Your task:
Could you repeat the listing exactly, leaving out the pictures?

Data shown:

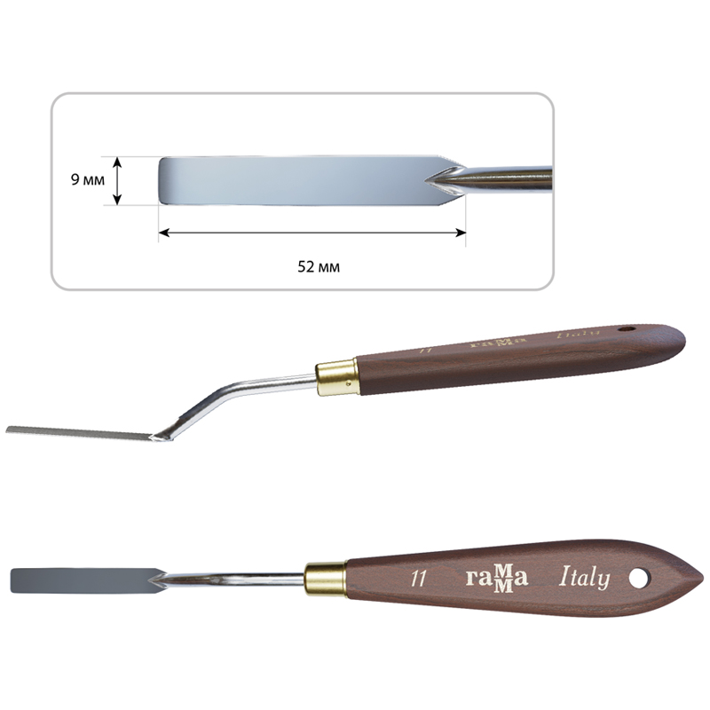 Мастихины серии «Старый Мастер» изготовлены вручную в Италии. Лезвие из нержавеющей стали прочное и упругое. Лезвие имеет специальное глянцевое покрытие для долговечной службы. Эргономичная ручка из натурального бука отполирована вручную и оснащена отверстием для хранения на подвесе. Бесшовная обойма гарантирует надежное соединение лезвия и ручки. Коллекция мастихинов представлена в 12 самых популярных видах лезвий: ромб, капля, «рыбка», овальное, прямоугольные.
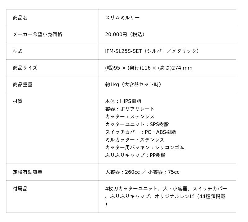 そこで、現代の住環境や幅広い世代の使い勝手に適応する「キッチンに出しっぱなしにできる一台」を目指し「スリムミルサー」を開発しました。ミルサーの高い粉砕力はそのままに、素材や設計を最適化することで、軽く小さく、手入れもしやすくなりました。
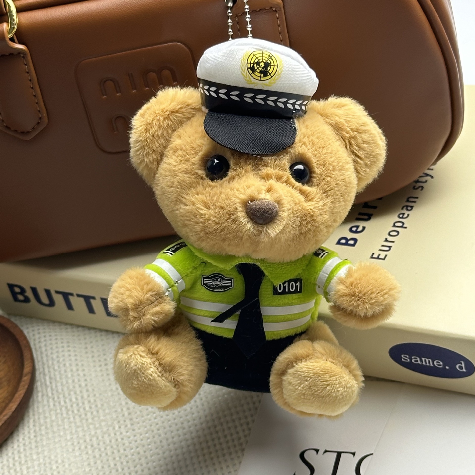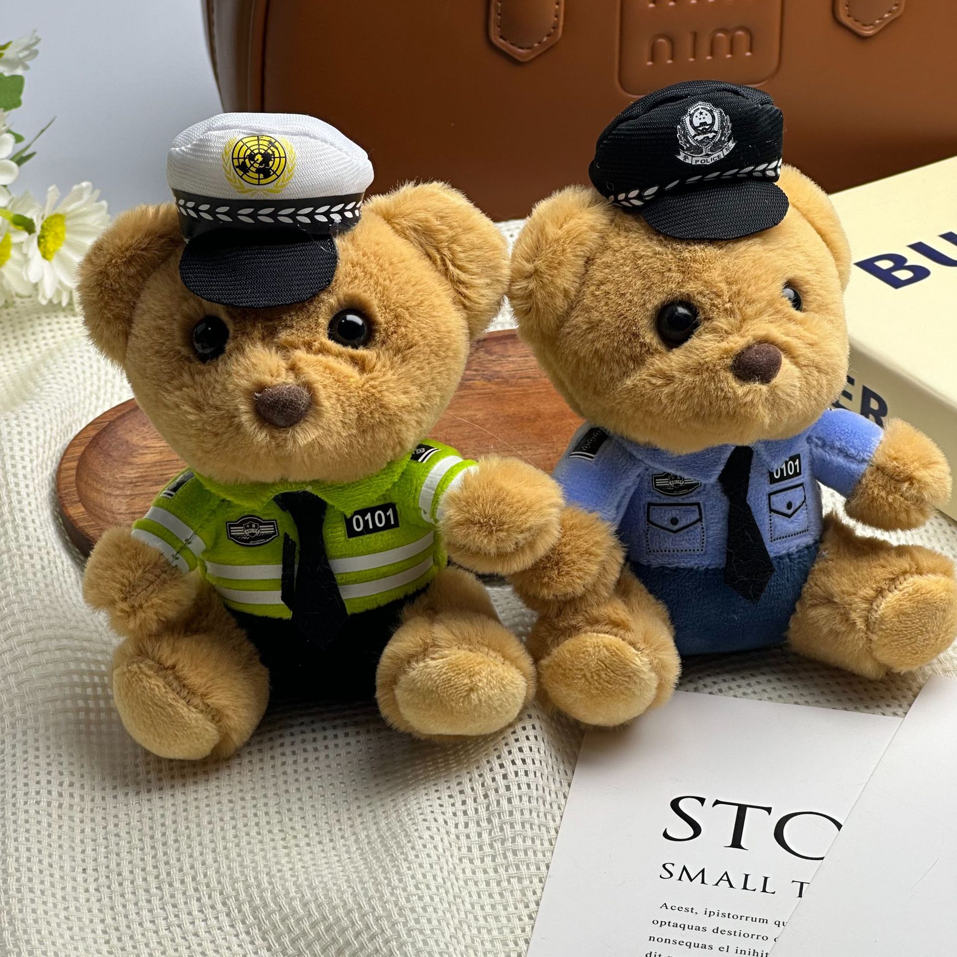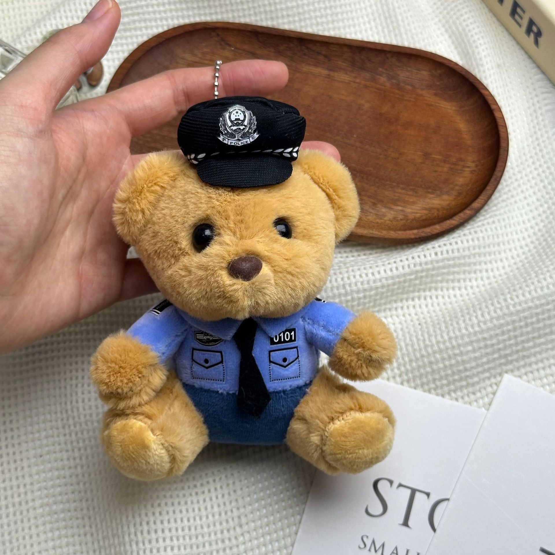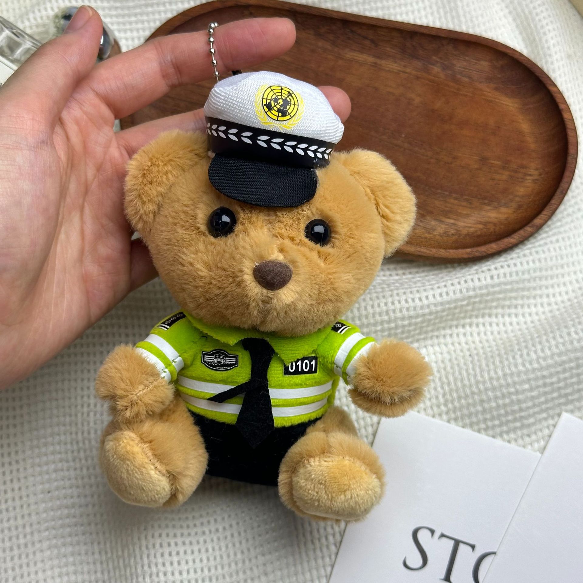 새로운 귀여운 교통 경찰 곰 키 체인 펜던트 경찰 곰 플러시 장난감 유니폼 테디 베어 인형 인형스토어 가기

Solved problem:
 Мастихины серии «Старый Мастер» изготовлены вручную в Италии. Лезвие из нержавеющей стали прочное и упругое. Лезвие имеет специальное глянцевое покрытие для долговечной службы. Эргономичная ручка из натурального бука отполирована вручную и оснащена отверстием для хранения на подвесе. Бесшовная обойма гарантирует надежное соединение лезвия и ручки. Коллекция мастихинов представлена в 12 самых популярных видах лезвий: ромб, капля, «рыбка», овальное, прямоугольные.
 そこで、現代の住環境や幅広い世代の使い勝手に適応する「キッチンに出しっぱなしにできる一台」を目指し「スリムミルサー」を開発しました。ミルサーの高い粉砕力はそのままに、素材や設計を最適化することで、軽く小さく、手入れもしやすくなりました。
 새로운 귀여운 교통 경찰 곰 키 체인 펜던트 경찰 곰 플러시 장난감 유니폼 테디 베어 인형 인형스토어 가기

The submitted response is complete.